SEMENTARA SAKTI meninggalkan Hutan Besar, gong dari Menara Naga sebelah timur dipukul tiga kali.
Di ufuk utara dari Pulau Nyiurmelambailambai, satu titik hitam yang sebelumnya muncul dari balik lengkung langit perlahan-lahan membesar dan membentuk bayangan kapal. Semakin mendekat, semakin jelaslah bentuknya. Bendera merah pada ujung tiang utama bergambar pohon kelapa. Itulah bendera Nyiurmelambailambai.
Kapal dagang milik Nyiurmelambailambai itu tidak bisa langsung sandar. Tidak ada tempat. Dermaga penuh sesak. Setelah salah satu kapal melepas tambat, menjauh dan melempar sauh, baru kapal milik Nyiurmelambailambai itu bisa bersandar.

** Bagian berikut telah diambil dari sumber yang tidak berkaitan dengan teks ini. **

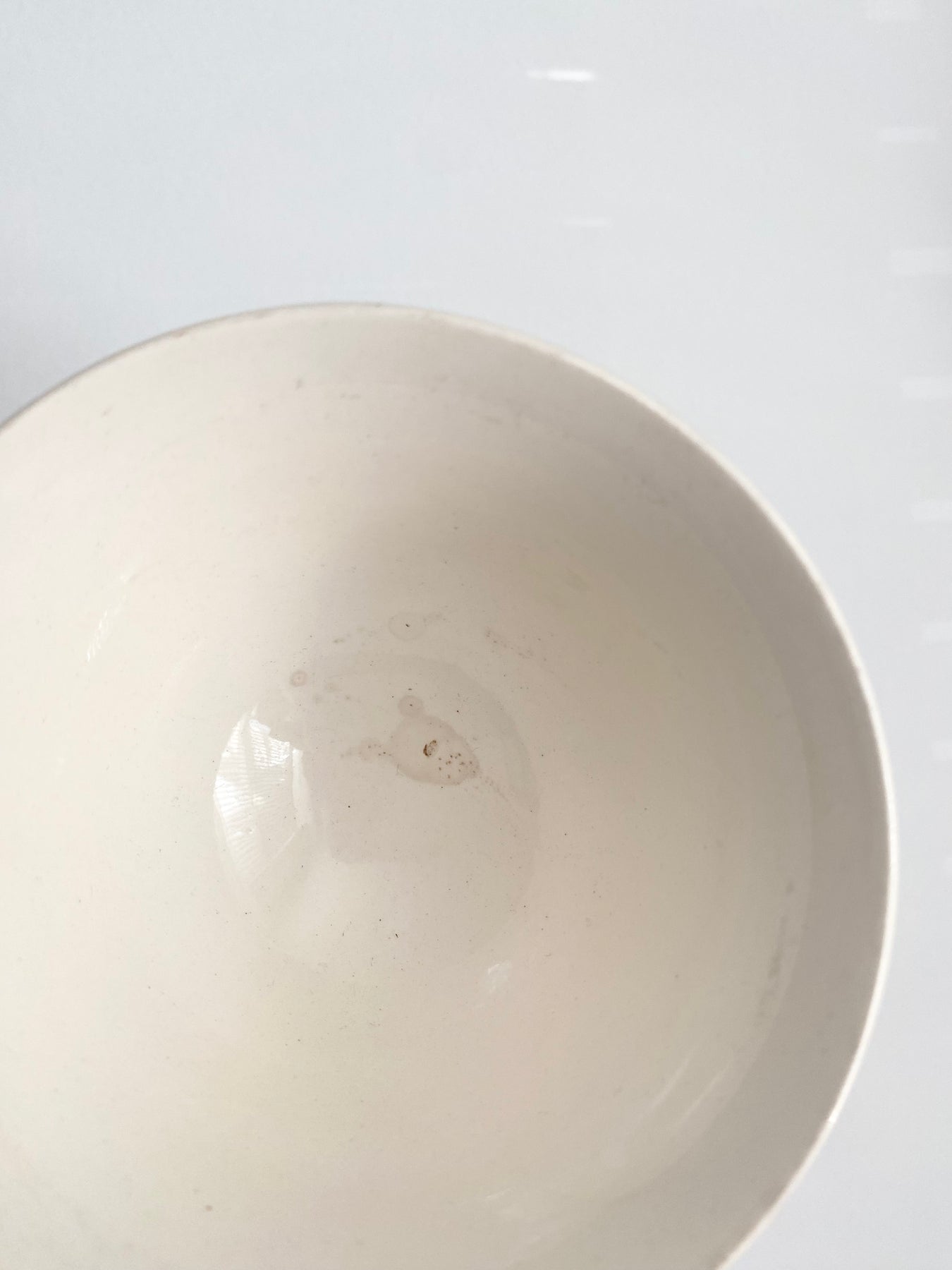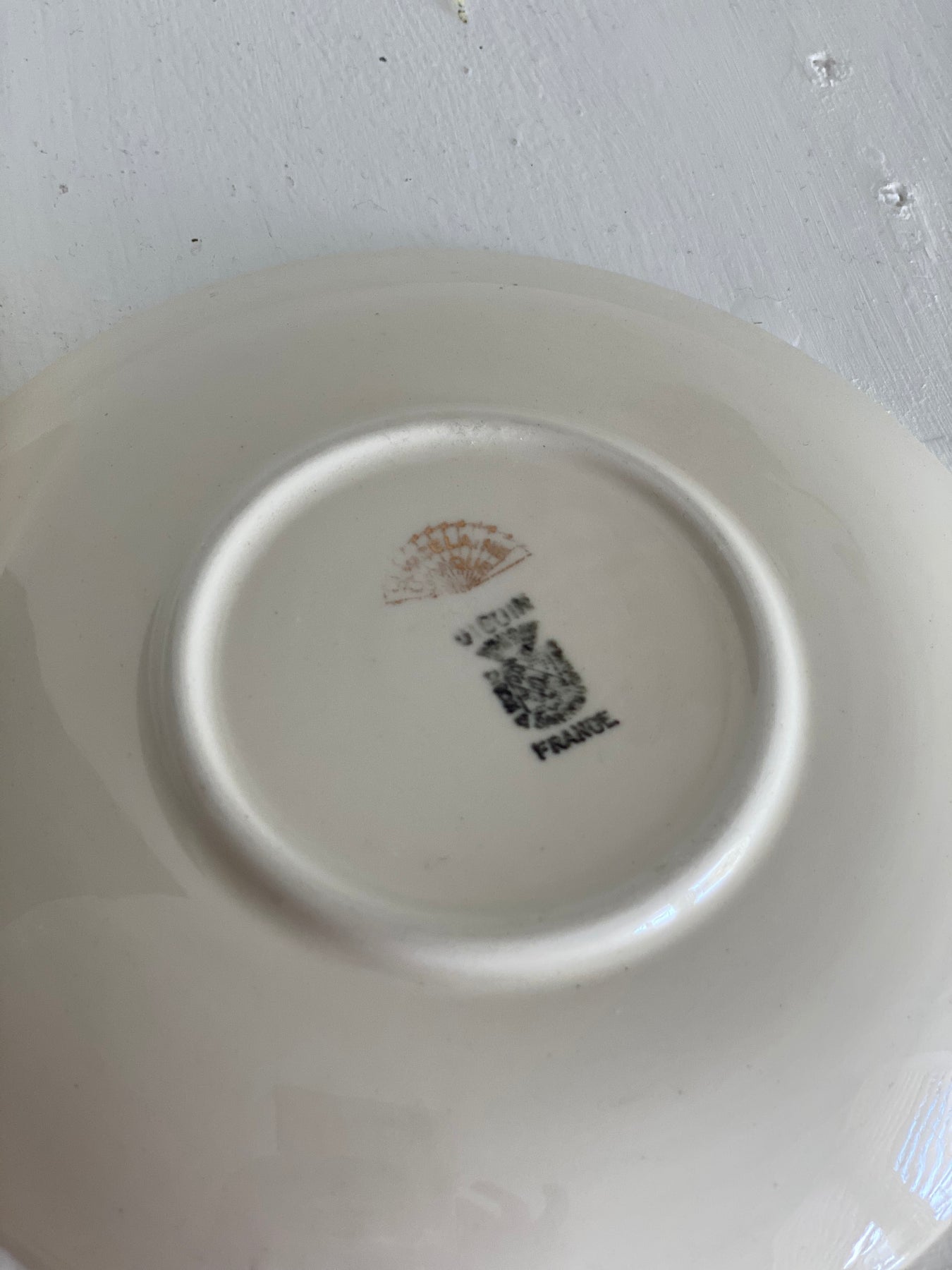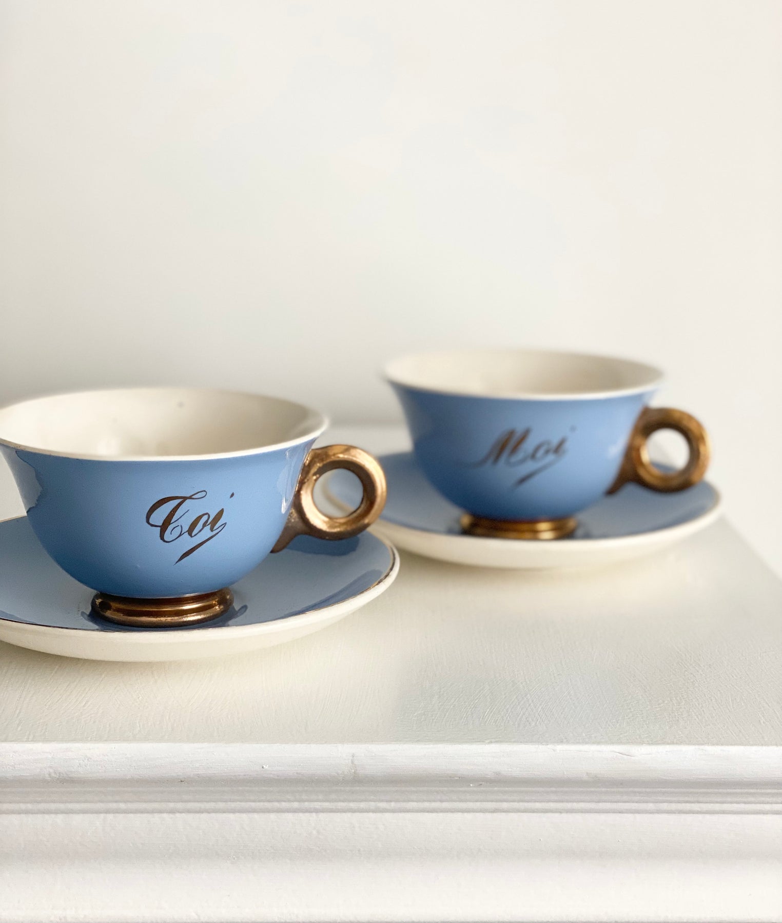 These sweet breakfast sets are popular in France, and you can find them in wide range of styles, but many that we’ve come across are common, newer in production or mass produced. This set, however, caught our eye: a pair made by Digoin Sarreguemines, in the most incredible cerulean blue with gold accents, cunning circular handles, and the "toi" and "moi" hand painted in the most stunning cursive font.  This sweet set is in beautiful  condition with no chips or cracks. Please note one of the cups has some staining on the interior as pictured, and some of the gold along the rim of the plates shows slight wear.

Segera setelah kapal dagang itu bersandar, sang nakhoda tergesa-gesa turun bahkan sebelum rampa dipasang. Para pekerja pelabuhan heran melihat tingkah sang nakhoda yang setengah berlari menuju kesyahbandaran.
Perhatian para pekerja pelabuhan lekas teralihkan begitu rampa dipasang. Dengan sigap mereka menyambut muatan yang dibongkar awak kapal dan mengangkutnya ke gudang pelabuhan. Iringan para pekerja terlihat seperti iringan semut, mengalir tidak putus-putus.

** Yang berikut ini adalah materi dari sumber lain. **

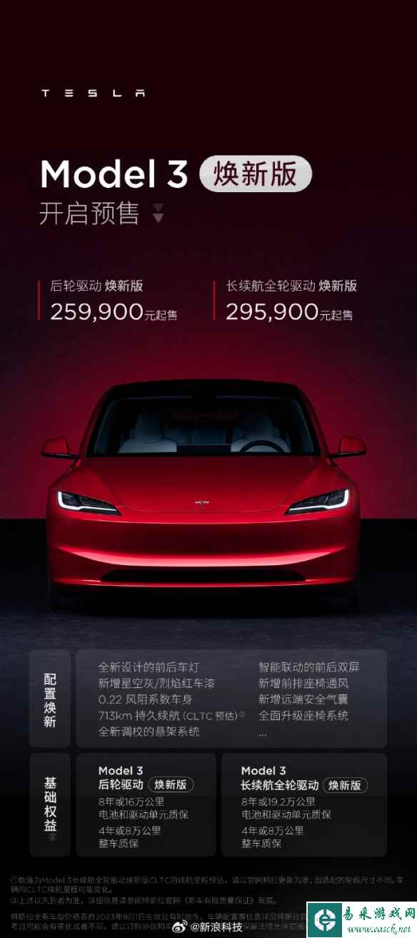 特斯拉Model 3新车型今天(9月1日)正式上线,新车型定名:Model 3焕新版,售价25.99 万元(后轮驱动),Model 3长续航焕新版:29.59 万元(双电机全轮驱动)。

Tidak lama berselang, datanglah seorang pegawai kesyahbandaran. Sedikit terlambat. Maka kalang kabutlah dia mencatat aliran barang yang turun dari kapal.
Rempah-rempah merajai muatan kapal itu. Dan tidak butuh waktu lama seluruh muatan berpindah dari lambung kapal ke gudang pelabuhan.
Sesudah reda hiruk pikuk di kapal yang baru datang itu, seorang awak kapal muda menuruni kapal dengan membawa barang yang terlihat berat. Orang muda itu adalah Konda. Ketika menginjakkan kaki di dermaga, dia berhenti sejenak. Pandangannya menyapu seluruh kawasan pelabuhan.
"Seperti seharusnya....," gumamnya, lantas mulai melangkah.
Konda tidak mampir kemana-mana, dia langsung menuju desa. Rumah Sitok tepatnya. Kedatangannya tidak disadari Sitok yang tengah sibuk menempa.